Michael Douglas Claims Oral Sex Infected Him With HPV, Then Cured Him

Douglas: "It giveth ... and it taketh."

BY David Artavia

June 03 2013 4:04 PM ET

Catherine Zeta-Jones and Michael Douglas

Actor Michael Douglas, in a recent interview with London newspaper The Guardian, said his throat cancer was caused by the human papillomavirus, transmitted through cunnilingus — oral sex performed on a woman.

“This particular cancer is caused by HPV, which actually comes about from cunnilingus,” Douglas said.

Douglas, most recently seen portraying Liberace in Behind the Candelabra, confirmed his diagnosis of stage IV throat cancer during a 2010 interview with David Letterman. His doctor had diagnosed him after spotting a walnut-size tumor in the back of his throat.

Though most people assumed that the cause was his infamous hard-partying lifestyle, which included heavy drinking and smoking, he assured the public that that wasn’t the case.
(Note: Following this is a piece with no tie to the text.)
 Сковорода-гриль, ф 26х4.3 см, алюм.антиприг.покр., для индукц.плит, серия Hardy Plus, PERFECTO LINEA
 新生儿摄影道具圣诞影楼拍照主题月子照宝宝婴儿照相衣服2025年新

“I did worry if the stress caused by my son's incarceration didn't help trigger it. But yeah, it's a sexually transmitted disease that causes cancer." He told The Guardian. "And if you have it, cunnilingus is also the best cure for it … it giveth and it taketh."
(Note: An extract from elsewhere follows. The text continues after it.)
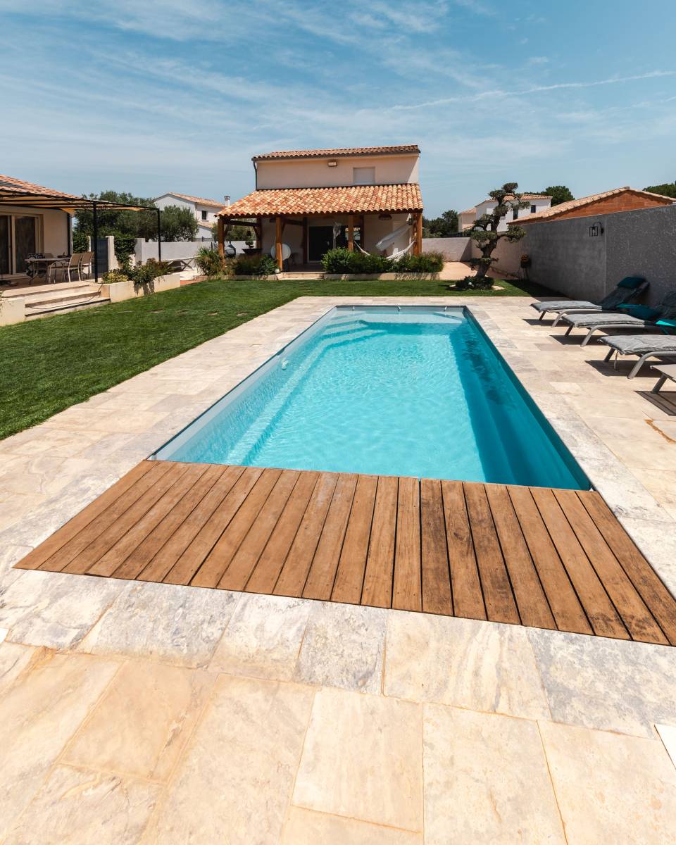 Ce modèle est également équipé d'un volet automatique immergé avec un caillebotis en bois, pour une finition pratique et esthétique.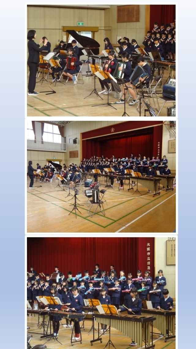 5年生は講堂にて、音楽の「音楽発表会 ~未来への一歩をふみ出そう~」を行いました。高学年らしい、心を一つにした美しいハーモニーと迫力ある演奏を披露し、次の一歩を踏み出す意欲を表現することができました。

Mahesh Kumar, a consultant head and neck surgeon in London, spoke with The Guardian regarding Douglas's assertion that cunnilingus helped to cure his cancer. "Maybe he thinks that more exposure to the virus will boost his immune system," Kumar said. "But medically, that just doesn't make sense."

Douglas has been more than two years clear of the cancer, now only having to check in with his doctor every six months. With this particular kind of cancer, 95% of the time it doesn’t return, according to Douglas.

This recent confession is creating a lot of questions, especially among sexually active adults. Can you get throat cancer from HPV? Well according to the National Cancer Institute, you can.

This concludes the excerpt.